## Distance predictor with simple NN

A simple self-supervised setting to predict the number of moves it takes to reach final position

This is a starting place to check things like state space representation (does using state = [1, 2, 3, 1] work), and just generally how well NNs can approximate permutation problems.

### Basic outline:

- Generate a set of `n` moves by uniformly sampling from available actions, with `n` randomly sampled from some probability distribution
- Using greedy_reduce to simplify those moves to get `n'` number of moves, $n' \leq n$
- Apply these `n'` moves on a puzzle to reach `start_state`
- A network $\mathcal{F}$ takes `start_state` as input, and the target output is `n'`

### Some preliminary details

- Loss function: mean square loss
- Neural network weights: $|s| \times 128$, $128 \times 128$, $128 \times 1$
- For 2x2 puzzles, we only need up to 10 - 14 moves
- State-space representation should be normalized?

### Some hypotheses

- Expecting better performance on low `n` over high `n`
- Expecting weird things to happen at `n` > 10.


In [37]:
import json
from typing import Dict, List
from collections import OrderedDict

import numpy as np

%pprint

Pretty printing has been turned OFF


In [63]:
from src.mechanism.permute import reverse_perm, permute_with_swap, perm_to_swap
from src.mechanism.utils import get_inverse_move
from src.mechanism.reduce import iterate_reduce_sequence

### Load a puzzle 
Since each puzzle is trained separately 

In [58]:
def load_puzzle_moves(
    puzzle_name: str, convert_to_swaps=True
) -> (Dict[str, List[int]], int):
    """Retrieves and returns the moves and final position of the puzzle"""
    # load the moves:
    with open(f"puzzles/{puzzle_name}/moves.json") as f:
        moves = json.load(f)

    num_states = len(list(moves.values())[0])
    # add reversed moves
    reversed_moves = {}
    for move_name, perm in moves.items():
        reversed_perm = reverse_perm(perm)
        if reversed_perm == perm:
            continue
        reversed_moves[f"-{move_name}"] = reversed_perm

    moves.update(reversed_moves)

    if convert_to_swaps:
        for move_name, perm in moves.items():
            moves[move_name] = perm_to_swap(perm)
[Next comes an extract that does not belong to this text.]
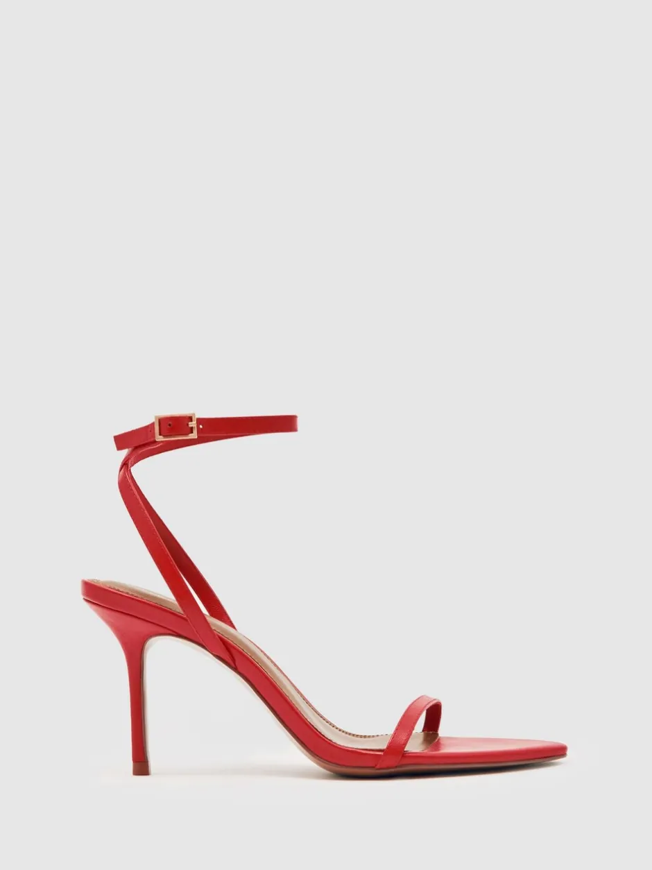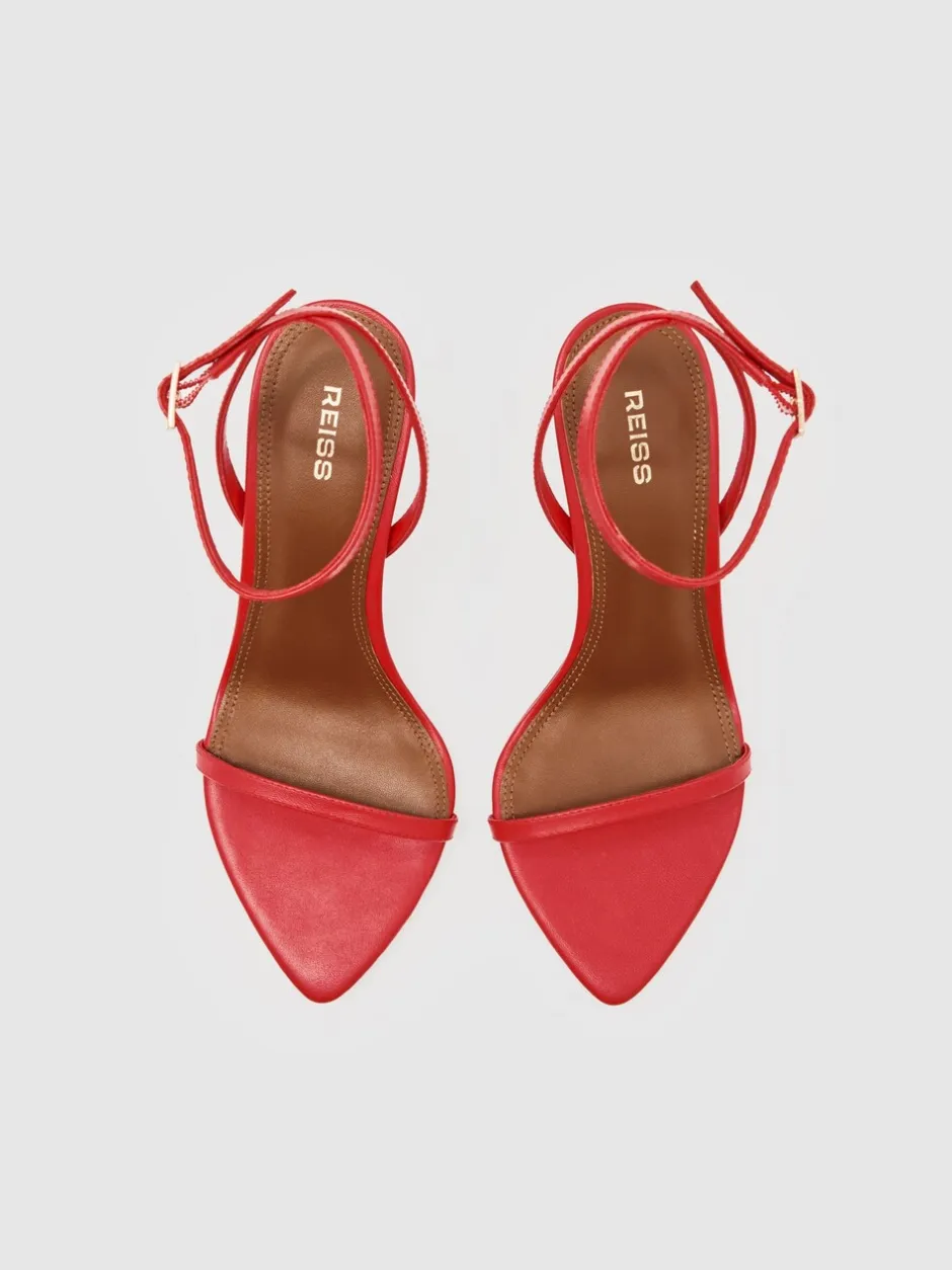 Reiss Cuir rouge – Sandales à talons aiguilles à bretelles Charlotte

    # # get final position (from the first puzzle), note that the actual state of this position doesn't really matter
    # # we just need to get the structure of the puzzle
    # df = pd.read_csv(f'puzzles/{puzzle_name}/puzzles.csv')
    # state = df.iloc[0].to_numpy()[3]

    return moves, num_states


puzzle_name = "cube_2x2x2"
move_dict, num_states = load_puzzle_moves(puzzle_name)
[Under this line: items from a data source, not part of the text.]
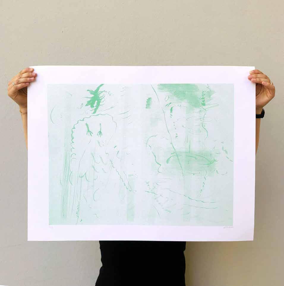Serigrafia papel Munken Pure 240gr, assinado pelos artistas Prova 2/25 de Edição especial em azul, emoldurada
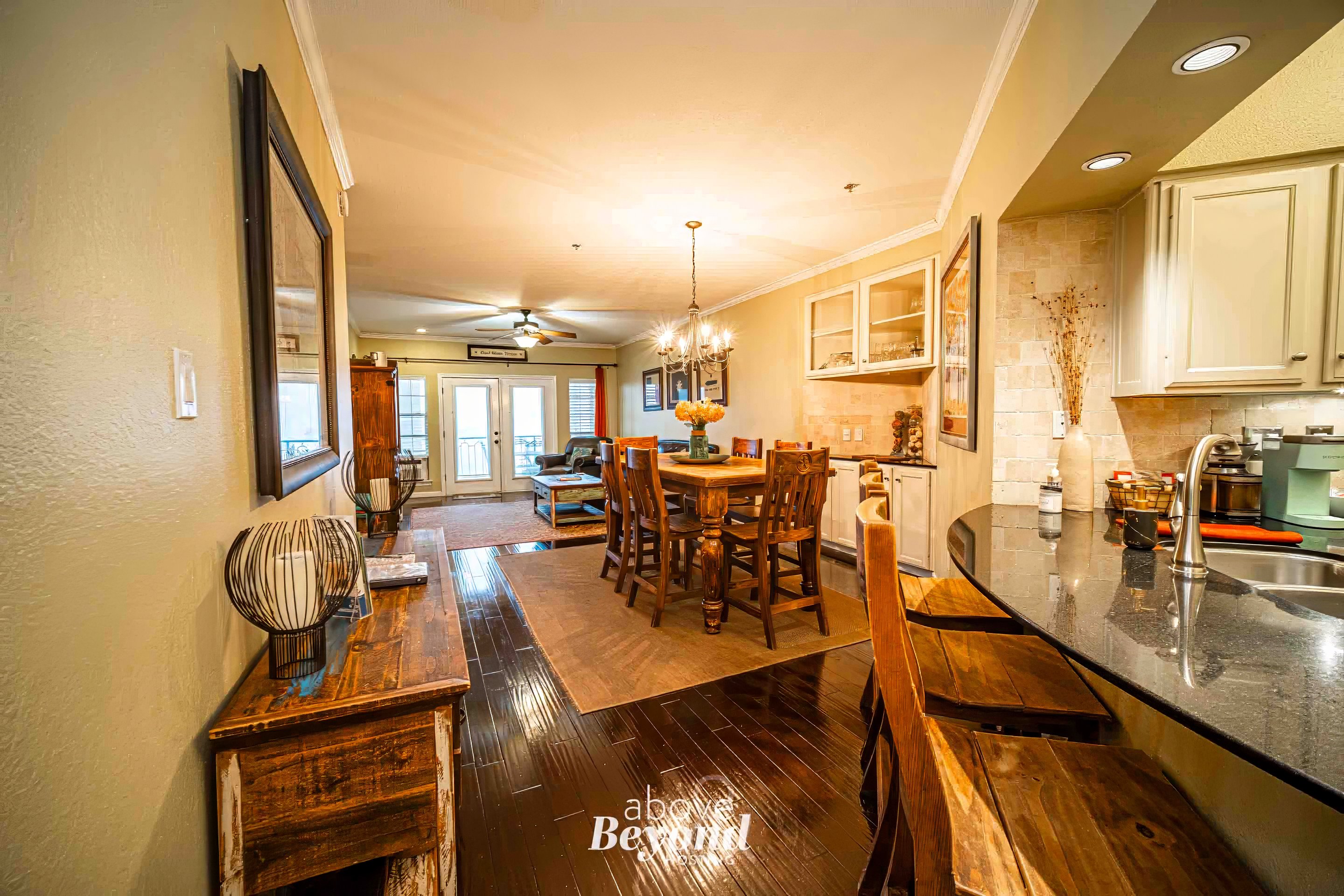 Come spend your Holidays in luxury on an Island! Watch the sunset from your own balcony! Lake levels are low and you still have a lake view from our balcony! Amenities are up and running at normal hours including the sauna and locker rooms. On site Spa is OPEN!! Restaurant on site is open and delicious. with limited hours.
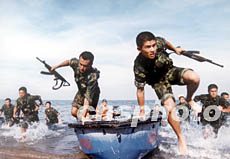 圖:解放軍沖鋒舟武裝搶灘登陸演習 2002年08月03日 17:28 ![]() 沈陽軍區官兵今夏在東北某海域進行水上多項軍事課目訓練,演習武裝搶灘登陸,向既定目標快速挺進。作者:馬檣
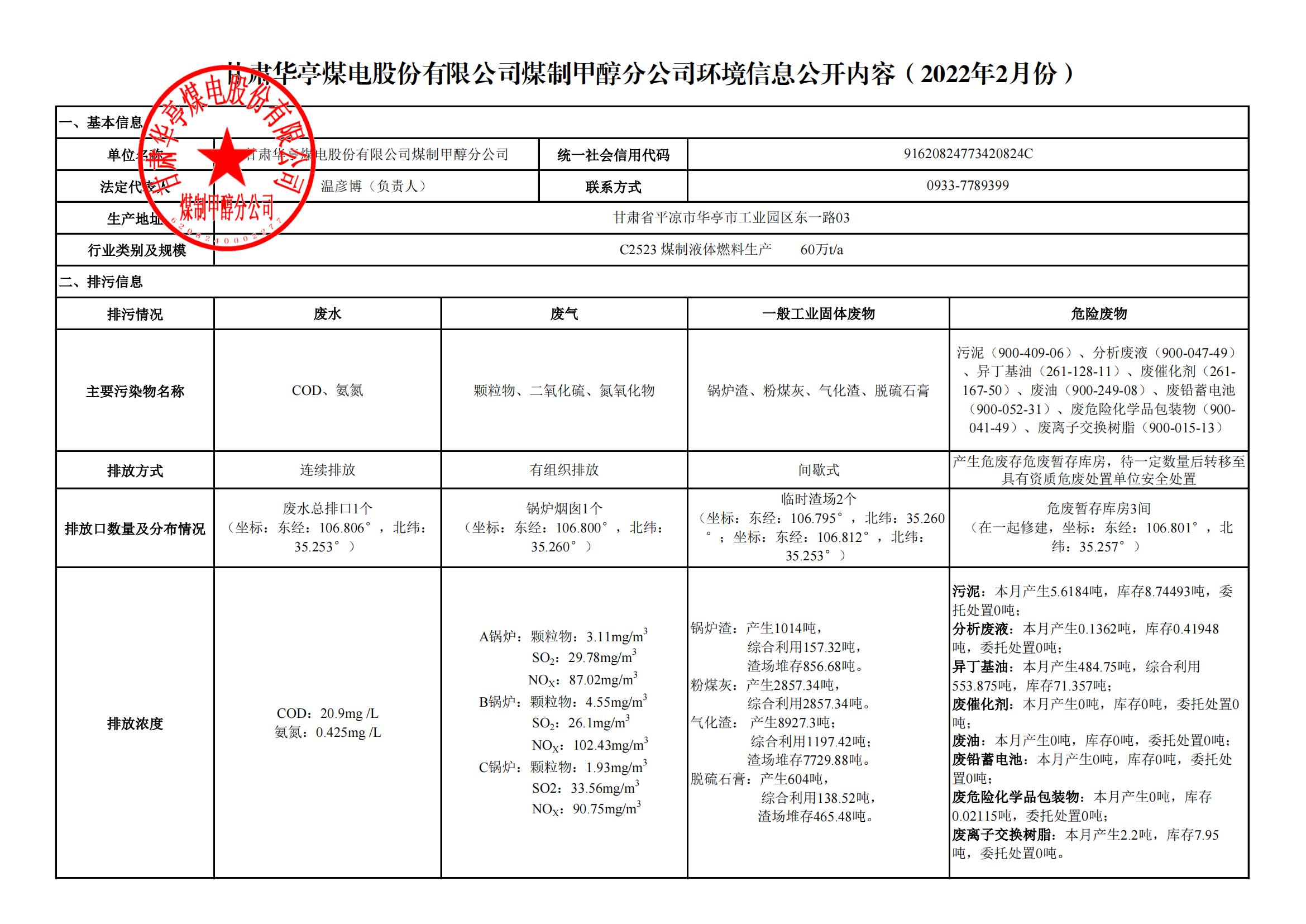 煤制甲醇分公司環(huán)境信息公開內(nèi)容(2022年2月)

move_names = list(move_dict.keys())

final_state = list(range(num_states))

print(f"Loaded {puzzle_name} with {len(move_names)} moves and {num_states} states")

Loaded cube_2x2x2 with 12 moves and 24 states


### Data generation

The self-supervised part: Generate a set of `n` moves by uniformly sampling from available actions, with `n` randomly sampled from some probability distribution

In [86]:
def sample_moves(move_names: List[str], n: int) -> List[int]:
    return np.random.choice(move_names, n)


def generate_state_from_moves(move_names, move_dict, state, inverse=False):
    for move_name in move_names:
        if inverse:
            move_name = get_inverse_move(move_name)
        move = move_dict[move_name]
        state = permute_with_swap(state, move)

    return state


path = sample_moves(move_names, 5)

print(list(path))

path = iterate_reduce_sequence(list(path), puzzle_name)
print(path)

generate_state_from_moves(path, move_dict, final_state)

['r0', 'r1', '-f0', '-d0', 'r0']
['r0', 'r1', '-f0', '-d0', 'r0']


[4, 23, 10, 9, 21, 12, 15, 13, 1, 14, 0, 8, 11, 2, 5, 6, 17, 7, 20, 22, 18, 16, 19, 3]